▶ **EXERCISE**:
Leave the images out, and otherwise write out each entry exactly.

▶ **Stored records**:
= = = = = = =

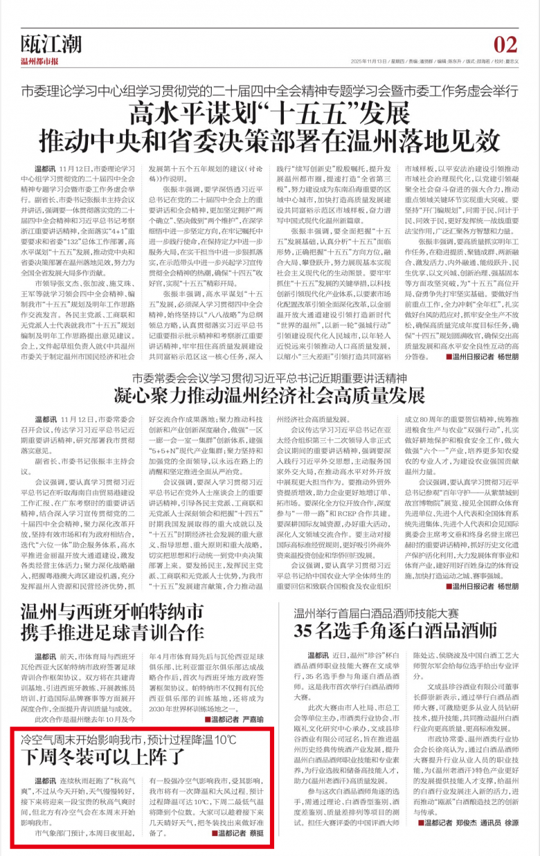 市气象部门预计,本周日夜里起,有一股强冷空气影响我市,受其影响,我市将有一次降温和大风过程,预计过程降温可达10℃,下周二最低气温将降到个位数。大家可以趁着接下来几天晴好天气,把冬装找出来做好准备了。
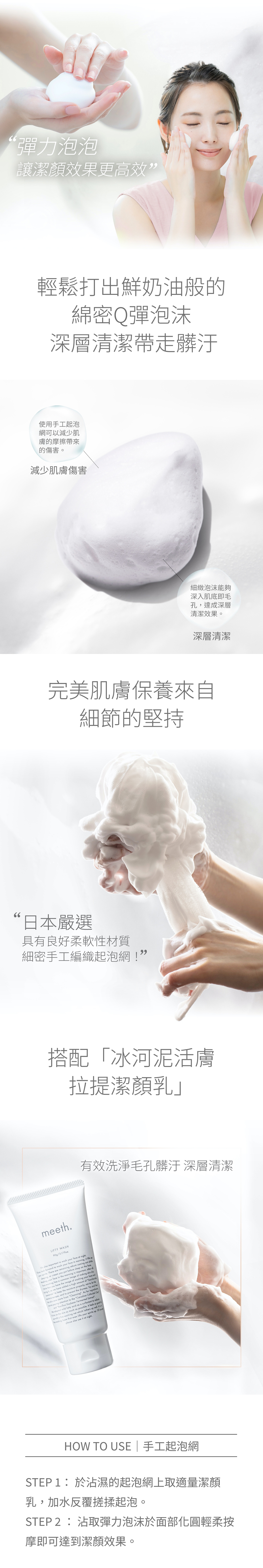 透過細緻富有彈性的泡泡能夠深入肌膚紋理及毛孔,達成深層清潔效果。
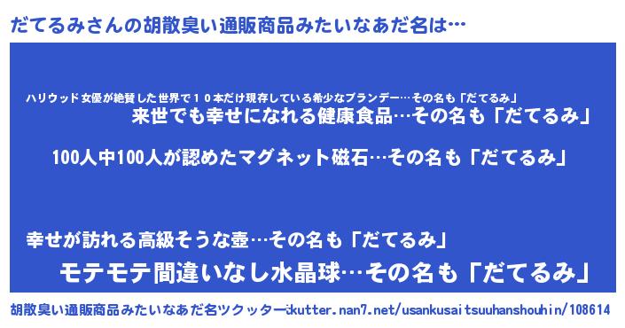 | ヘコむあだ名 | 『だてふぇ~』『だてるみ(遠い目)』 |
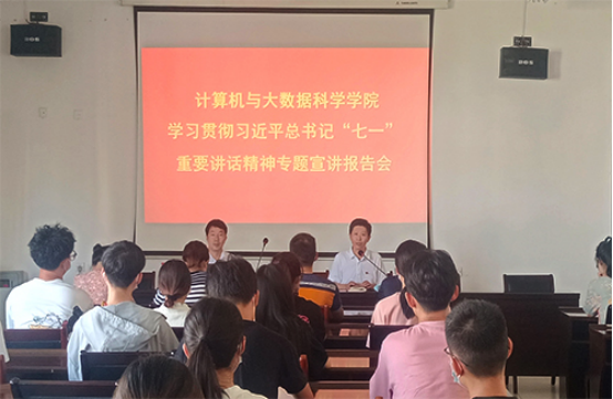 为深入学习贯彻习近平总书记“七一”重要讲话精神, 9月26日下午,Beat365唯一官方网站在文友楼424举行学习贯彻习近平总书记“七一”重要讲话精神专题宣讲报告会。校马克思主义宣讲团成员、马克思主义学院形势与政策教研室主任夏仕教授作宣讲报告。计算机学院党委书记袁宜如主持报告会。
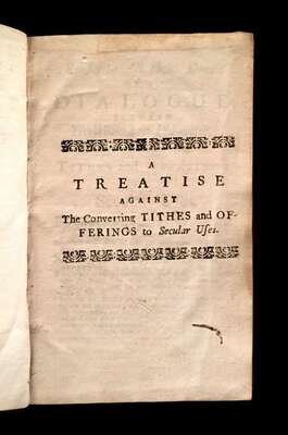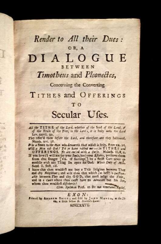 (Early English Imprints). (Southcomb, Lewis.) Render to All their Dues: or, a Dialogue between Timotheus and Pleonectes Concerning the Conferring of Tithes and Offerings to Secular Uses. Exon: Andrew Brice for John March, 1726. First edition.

= = = = = = =

▶ **OUTPUT OF THE EXERCISE**:
 市气象部门预计,本周日夜里起,有一股强冷空气影响我市,受其影响,我市将有一次降温和大风过程,预计过程降温可达10℃,下周二最低气温将降到个位数。大家可以趁着接下来几天晴好天气,把冬装找出来做好准备了。
 透過細緻富有彈性的泡泡能夠深入肌膚紋理及毛孔,達成深層清潔效果。
 | ヘコむあだ名 | 『だてふぇ~』『だてるみ(遠い目)』 |
 为深入学习贯彻习近平总书记“七一”重要讲话精神, 9月26日下午,Beat365唯一官方网站在文友楼424举行学习贯彻习近平总书记“七一”重要讲话精神专题宣讲报告会。校马克思主义宣讲团成员、马克思主义学院形势与政策教研室主任夏仕教授作宣讲报告。计算机学院党委书记袁宜如主持报告会。
 (Early English Imprints). (Southcomb, Lewis.) Render to All their Dues: or, a Dialogue between Timotheus and Pleonectes Concerning the Conferring of Tithes and Offerings to Secular Uses. Exon: Andrew Brice for John March, 1726. First edition.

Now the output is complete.